Template Download and IPv6

The template download may prefer IPv6 if the Proxmox host resolves both A and AAAA records for download.proxmox.com. During the June 17, 2026 restore, IPv6 connections repeatedly timed out. The immediate workaround was to stop the download and force IPv4 for the template:

ssh pve 'wget -4 -c -O /var/lib/vz/template/cache/debian-13-standard_13.1-2_amd64.tar.zst http://download.proxmox.com/images/system/debian-13-standard_13.1-2_amd64.tar.zst'

After the file downloads and verifies, rerun the create script. It will see the template in local storage and continue.

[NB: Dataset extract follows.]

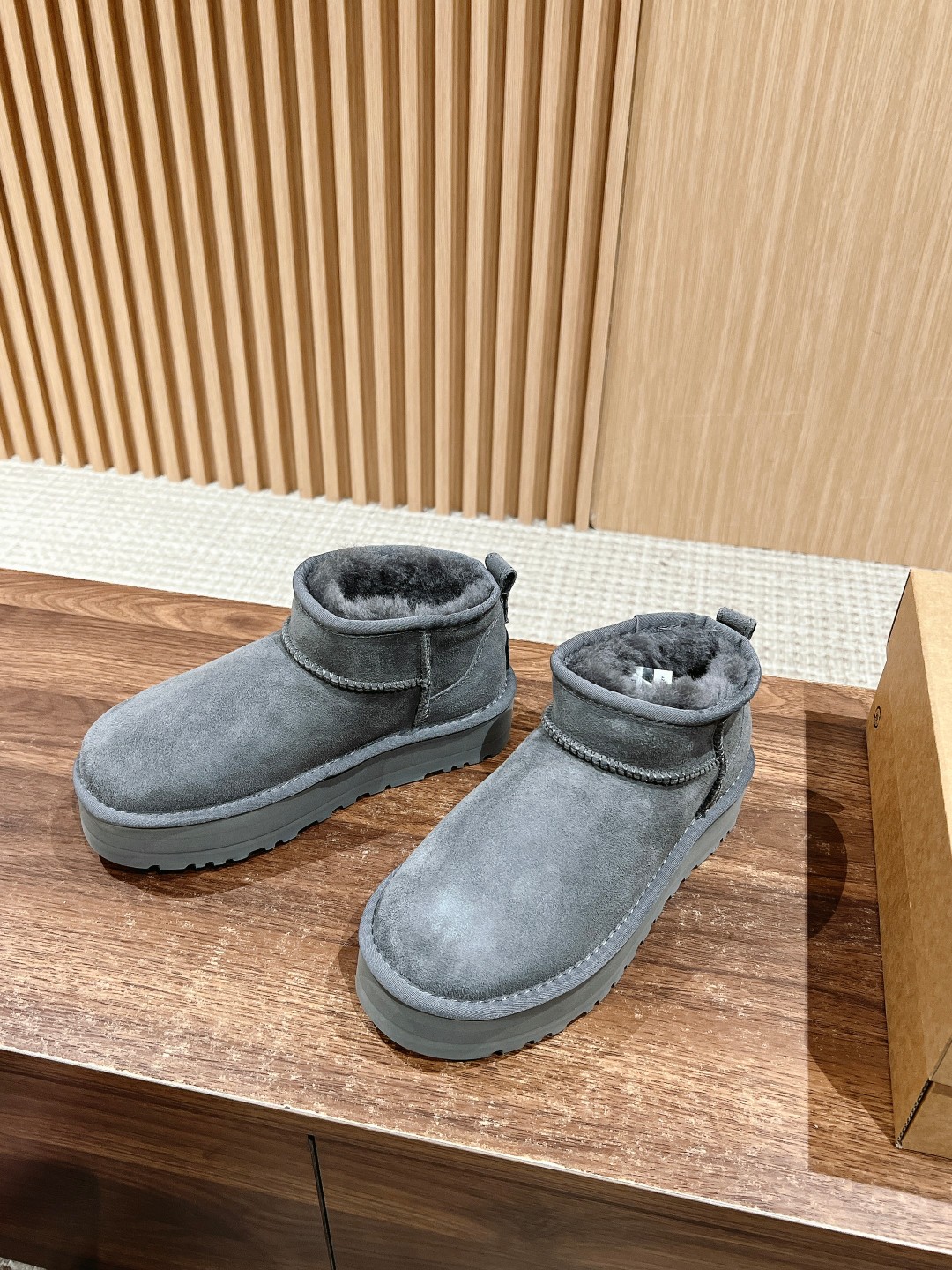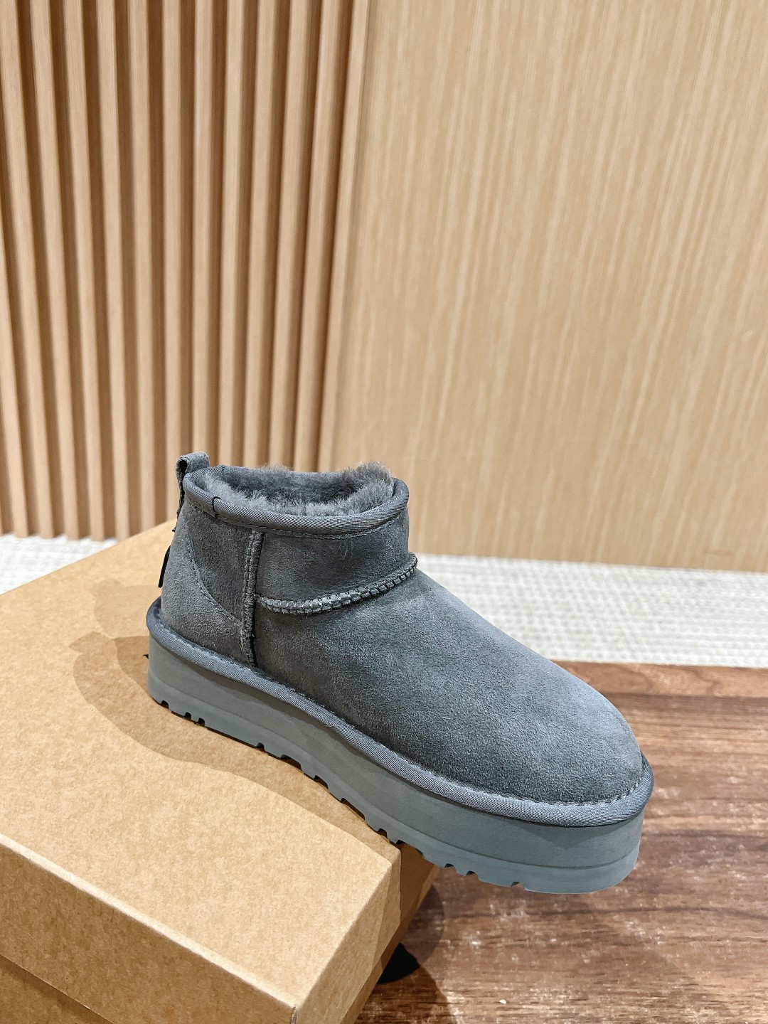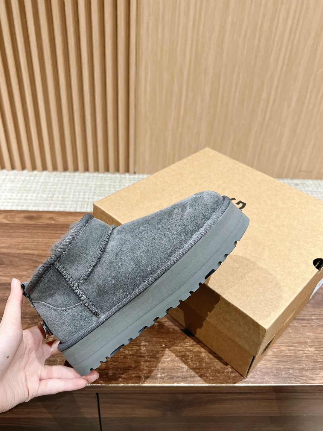 UGG Mini# Thick-soled furry snow boots. A style endorsed by Bella and Gigi, extremely popular. Paired with a pair of scrunch socks, it looks both high-end and fashionable, pure American style. The thick sole accentuates long legs. Luxuriant and thick genuine fur. Size: 35-39 (40 custom-made, non-returnable).

To make Proxmox prefer IPv4 generally without fully disabling IPv6, review and then uncomment this line in /etc/gai.conf:

precedence ::ffff:0:0/96  100

For wget only, inet4_only = on in /etc/wgetrc forces IPv4. Prefer the narrowest change that solves the download problem.

Current Backup Scripts

Script	Run from	Purpose
`scripts/backup/00-prepare-backup-root.sh`	Proxmox host as root	Create the timestamped backup root on the CIFS backup mount
`scripts/backup/01-capture-proxmox.sh`	Proxmox host as root	Capture host, storage, VM, and LXC definitions
`scripts/backup/02-capture-dns.sh`	Proxmox host as root	Capture DNS reference from CT `107` and optional Teleporter file
`scripts/backup/03-capture-docker-definitions.sh`	Proxmox host as root	Capture Docker compose/env/runtime reference from CT `100`
`scripts/backup/04-export-databases.sh`	Proxmox host as root	Export PostgreSQL, MariaDB, and MongoDB logical backups
`scripts/backup/05-archive-applications.sh`	Proxmox host as root	Archive retained application directories with volatile exclusions
`scripts/backup/06-archive-websites.sh`	Proxmox host as root	Archive website working trees when repository state is not enough
`scripts/backup/07-verify-backup.sh`	Proxmox host as root	Verify archives, dumps, and checksums
`scripts/backup/08-encrypt-and-copy-backup.sh`	Proxmox host as root	Create encrypted archive when `age` is configured and copy to a second destination

Answer Files

Restore:

cp scripts/restore/restore-answer.env.example scripts/restore/restore-answer.env
chmod 600 scripts/restore/restore-answer.env

Backup, on Proxmox:

cp scripts/backup/backup-answer.env.example /root/backup-answer.env
chmod 600 /root/backup-answer.env

The answer files are shell syntax. Do not commit filled copies.

Dry Runs

Most wrapper scripts support:

--dry-run

Dry-run mode checks arguments and prints actions that would write data. It does not prove that every remote command will succeed, so use it before a real run, not instead of validation.

Host Identity Rules

Proxmox commands require pct, qm, and pvesm.
Accepted Proxmox short hostnames default to pve pve02 because the live SSH alias returned pve on June 16, 2026 while older docs said pve02.
Docker restore commands inside the LXC require docker and docker compose.
NAS validation requires the configured backup directory to exist.
Direct ssh docker is never required.

Marker Files

Marker	Meaning
Workstation `.copy-complete`	NAS backup was fully extracted into the local staged directory
LXC `.copy-complete`	Local staged backup was fully streamed into the Docker LXC
`/opt/docker/volumes/postgresql/.logical-restore-complete`	PostgreSQL logical dumps were restored
`/opt/docker/volumes/gitea/.archive-restore-complete`	Forgejo archive data was applied or safely skipped because target data existed
`/opt/docker/volumes/vaultwarden/.archive-restore-complete`	Vaultwarden archive data was applied or safely skipped because target data existed

Markers make reruns converge. Remove or bypass them only after preserving the failed state and deciding that a forced restore is correct.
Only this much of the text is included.